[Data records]
_ _ _ _ _

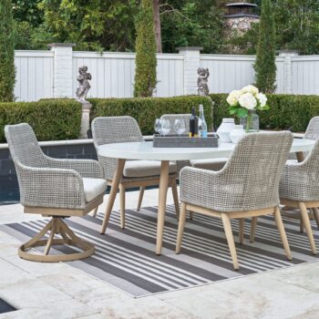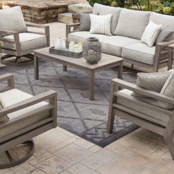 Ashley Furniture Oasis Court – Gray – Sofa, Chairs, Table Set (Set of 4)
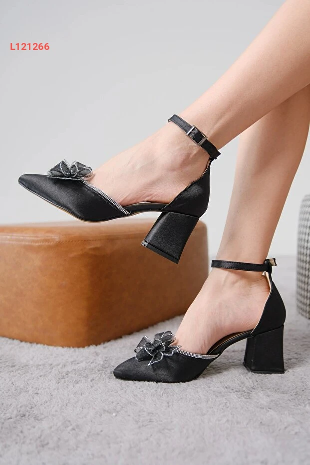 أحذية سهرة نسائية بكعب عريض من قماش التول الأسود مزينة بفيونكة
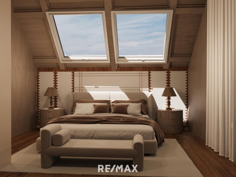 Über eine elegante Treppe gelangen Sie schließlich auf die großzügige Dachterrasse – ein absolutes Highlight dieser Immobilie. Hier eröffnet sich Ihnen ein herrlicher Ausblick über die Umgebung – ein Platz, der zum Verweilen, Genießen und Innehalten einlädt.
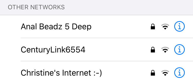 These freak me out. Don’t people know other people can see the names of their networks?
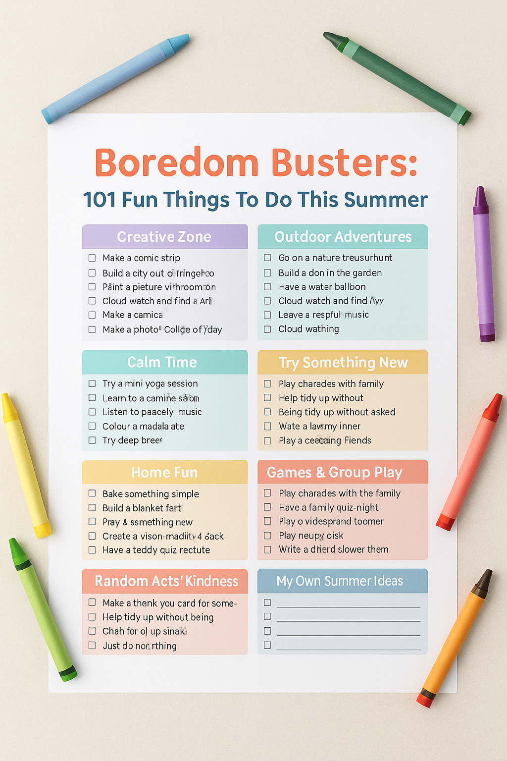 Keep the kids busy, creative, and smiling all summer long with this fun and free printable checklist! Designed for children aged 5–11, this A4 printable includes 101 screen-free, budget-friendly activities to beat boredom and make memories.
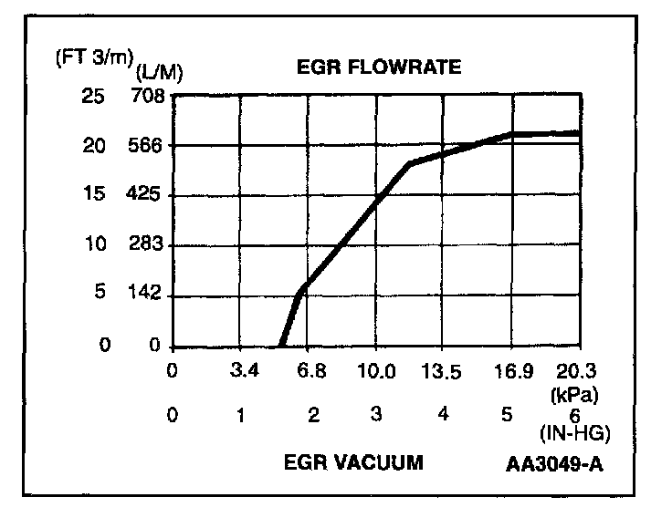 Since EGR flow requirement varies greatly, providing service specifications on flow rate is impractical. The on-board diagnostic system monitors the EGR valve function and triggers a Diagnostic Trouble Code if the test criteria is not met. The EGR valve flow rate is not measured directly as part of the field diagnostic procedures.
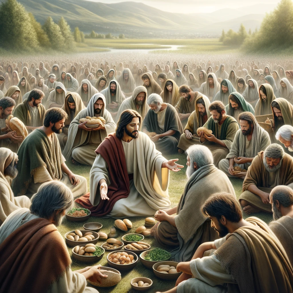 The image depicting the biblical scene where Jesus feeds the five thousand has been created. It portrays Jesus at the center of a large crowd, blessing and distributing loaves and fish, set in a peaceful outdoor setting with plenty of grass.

_ _ _ _ _

- Action item:
Print the data exactly, from its first line to the line containing "Über eine elegante", both included. Omit the pictures.

- Exercise answer:
 Ashley Furniture Oasis Court – Gray – Sofa, Chairs, Table Set (Set of 4)
 أحذية سهرة نسائية بكعب عريض من قماش التول الأسود مزينة بفيونكة
 Über eine elegante Treppe gelangen Sie schließlich auf die großzügige Dachterrasse – ein absolutes Highlight dieser Immobilie. Hier eröffnet sich Ihnen ein herrlicher Ausblick über die Umgebung – ein Platz, der zum Verweilen, Genießen und Innehalten einlädt.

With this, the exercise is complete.